# HELP: Need to convert 2 .mix files into jpg/gif asap



## KoosHopeloos (Nov 3, 2004)

L.S.,

I got two pictures in .mix format to convert to jpg/gif. After lot's of googling I found some ways to convert but none of them work on my PCs. Unfortunately, I not been able to find out from who they originate.
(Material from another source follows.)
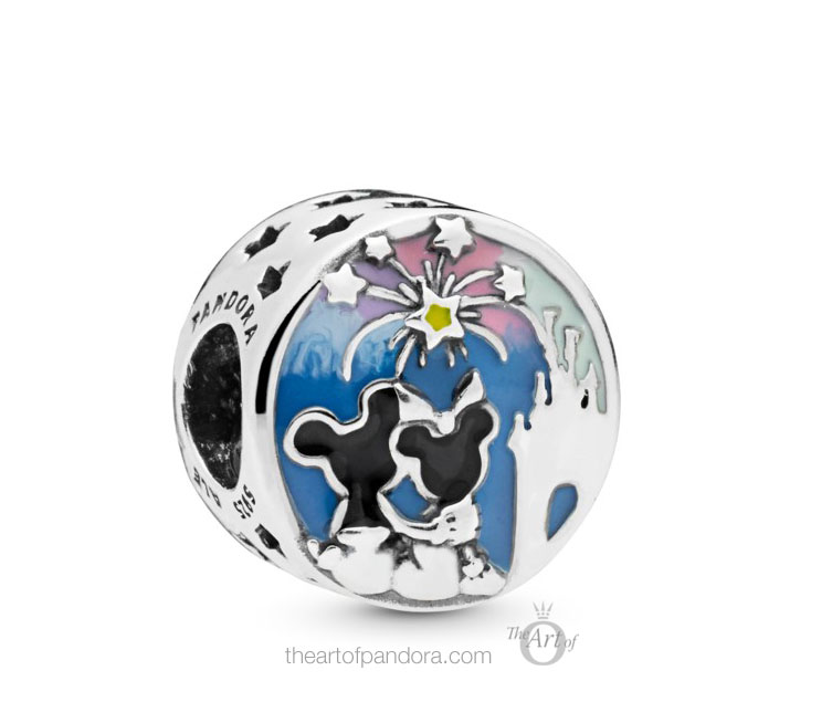 This button charm paints a beautiful scene of Mickey and Minnie watching the fireworks over the castle. Arm in arm, this sweet charm captures the wonder of Disney at night. This charm is expected to retail for $70.00.

The only solution now seems to be: does someone have PictureIt! and is willing to convert these two pictures for me?


----------



## Inactive (Apr 11, 2005)

can you not insert .mix files into word 2000, then plot the page to pdf writer or something like that?


----------



## KoosHopeloos (Nov 3, 2004)

@ Freddyhard: No, tried that as well. Strangely enough, on my WinXP Explorer, if I click on the file it appears on the left, but not on my Win2000.


----------



## Inactive (Apr 11, 2005)

no i meant micorsoft word - the program not the OS. i have inserted .mix files before and made pdf's of them from there.


----------



## koala (Mar 27, 2005)

Have you tried *XnView* media converter?

http://www.techsupportforum.com/f159/picture-it-microsoft-digital-imaging-104749.html


----------



## KoosHopeloos (Nov 3, 2004)

@ Freddyhard: I'm sorry, I was not clear... I tried Word2000 on Win2000 and WinXP on WinXPPRo to do the Word trick, but it didn't work.

@ Koala: I was under the impression that XnView was not albe to convert .mix files, but I'll give it a try.


----------



## KoosHopeloos (Nov 3, 2004)

@ Koala: The FULL version of XnView did the trick! Thanks!


----------